[ovirt-devel] [vdsm] VM recovery now depends on HSM

Fri Jul 11 15:44:31 UTC 2014

----- Original Message -----
> From: "Michal Skrivanek" <michal.skrivanek at redhat.com>
> To: "Adam Litke" <alitke at redhat.com>
> Cc: devel at ovirt.org, "Nir Soffer" <nsoffer at redhat.com>, "Federico Simoncelli" <fsimonce at redhat.com>
> Sent: Thursday, July 10, 2014 8:40:58 AM
> Subject: Re: [ovirt-devel] [vdsm] VM recovery now depends on HSM
> 
> 
> On Jul 9, 2014, at 15:38 , Nir Soffer <nsoffer at redhat.com> wrote:
> 
> > ----- Original Message -----
> >> From: "Adam Litke" <alitke at redhat.com>
> >> To: "Michal Skrivanek" <michal.skrivanek at redhat.com>
> >> Cc: devel at ovirt.org
> >> Sent: Wednesday, July 9, 2014 4:19:09 PM
> >> Subject: Re: [ovirt-devel] [vdsm] VM recovery now depends on HSM
> >> 
> >> On 09/07/14 13:11 +0200, Michal Skrivanek wrote:
> >>> 
> >>> On Jul 8, 2014, at 22:36 , Adam Litke <alitke at redhat.com> wrote:
> >>> 
> >>>> Hi all,
> >>>> 
> >>>> As part of the new live merge feature, when vdsm starts and has to
> >>>> recover existing VMs, it calls VM._syncVolumeChain to ensure that
> >>>> vdsm's view of the volume chain matches libvirt's.  This involves two
> >>>> kinds of operations: 1) sync VM object, 2) sync underlying storage
> >>>> metadata via HSM.
> >>>> 
> >>>> This means that HSM must be up (and the storage domain(s) that the VM
> >>>> is using must be accessible.  When testing some rather eccentric error
> >>>> flows, I am finding this to not always be the case.
> >>>> 
> >>>> Is there a way to have VM recovery wait on HSM to come up?  How should
> >>>> we respond if a required storage domain cannot be accessed?  Is there
> >>>> a mechanism in vdsm to schedule an operation to be retried at a later
> >>>> time?  Perhaps I could just schedule the sync and it could be retried
> >>>> until the required resources are available.
> >>> 
> >>> I've briefly discussed with Federico some time ago that IMHO the
> >>> syncVolumeChain needs to be changed. It must not be part of VM's create
> >>> flow as I expect this quite a bottleneck in big-scale environment (it is
> >>> now in fact not executing only on recovery but on all 4 create flows!).
> >>> I don't know how yet, but we need to find a different way. Now you just
> >>> added yet another reason.
> >>> 
> >>> So…I too ask for more insights:-)
> >> 
> >> Sure, so... We switched to running syncVolumeChain at all times to
> >> cover a very rare scenario:
> >> 
> >> 1. VM is running on host A
> >> 2. User initiates Live Merge on VM
> >> 3. Host A experiences a catastrophic hardware failure before engine
> >> can determine if the merge succeeded or failed
> >> 4. VM is restarted on Host B
> >> 
> >> Since (in this case) the host cannot know if a live merge was in
> >> progress on the previous host, it needs to always check.
> >> 
> >> 
> >> Some ideas to mitigate:
> >> 1. When engine recreates a VM on a new host and a Live Merge was in
> >> progress, engine could call a verb to ask the host to synchronize the
> >> volume chain.  This way, it only happens when engine knows it's needed
> >> and engine can be sure that the required resources (storage
> >> connections and domains) are present.
> > 
> > This seems like the right approach.
> 
> +1
> I like the "only when needed", since indeed we can assume the scenario is
> unlikely to happen most of the times (but very real indeed)
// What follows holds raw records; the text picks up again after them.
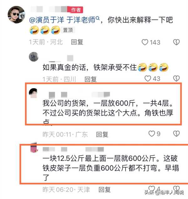 抛开这一点不谈,一块金砖的重量按50斤来算,那么一层就有2000斤,也就是一吨,三层三吨,这个重量如果用这样的置物架恐怕难以承受,基于这样的原因,很多网友觉得这些金砖都是道具。
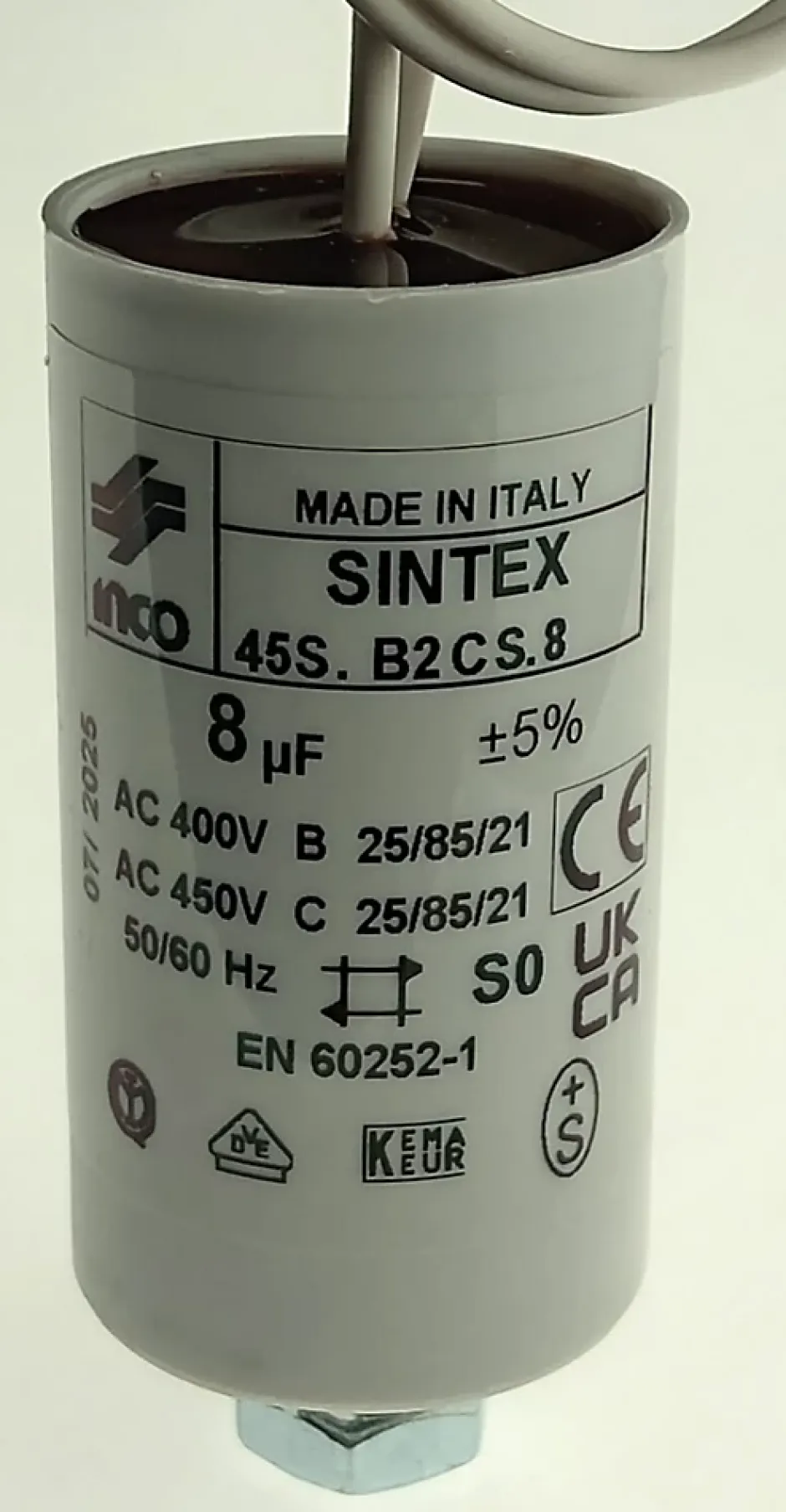 Condensateur (condo) à câble 8 ?F (microfarad) pour moteur 220 – 240 Volts, pour systèmes d’automatismes de portails battants ou coulissants. Compatibles toutes marques de moteurs en 230 Volts
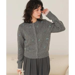 カーディガン アルパカタッチフラワー刺繍カーディガン レディース
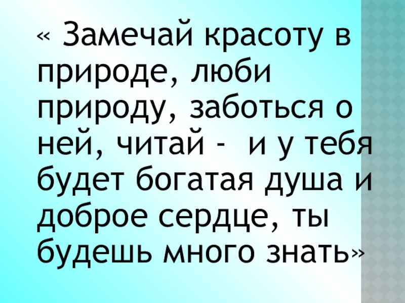 « Замечай красоту в природе, люби природу, заботься о ней, читай - и у тебя будет
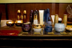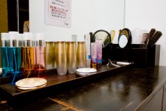 トリートメントが終わったら、メイクコーナーでBBクリームなどを塗布します。 「ハンユル(韓律)」の化粧品が並んでいますので、自由に使ってくださいね! |
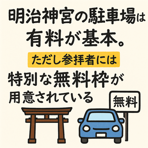 明治神宮では参拝者向けに一定時間無料となる運用がされていますが、時期や状況により変更される可能性があります。

I agree on the assumptions but I disagree on the implementation (new API).
The verb that should be called to trigger the synchronization is the very
same live merge command that was called on host A.
The operation will either resume (fix the inconsistency) or just finish
right away successfully as there was nothing to be done.

Let's keep in mind that fixing this discrepancy needs to be added to the
list of things to verify when we import a data storage domain in order to
sanitize the domain.
(There's not that list anywhere yet, I know, but there should be because
this is not the only thing that requires it).

-- 
Federico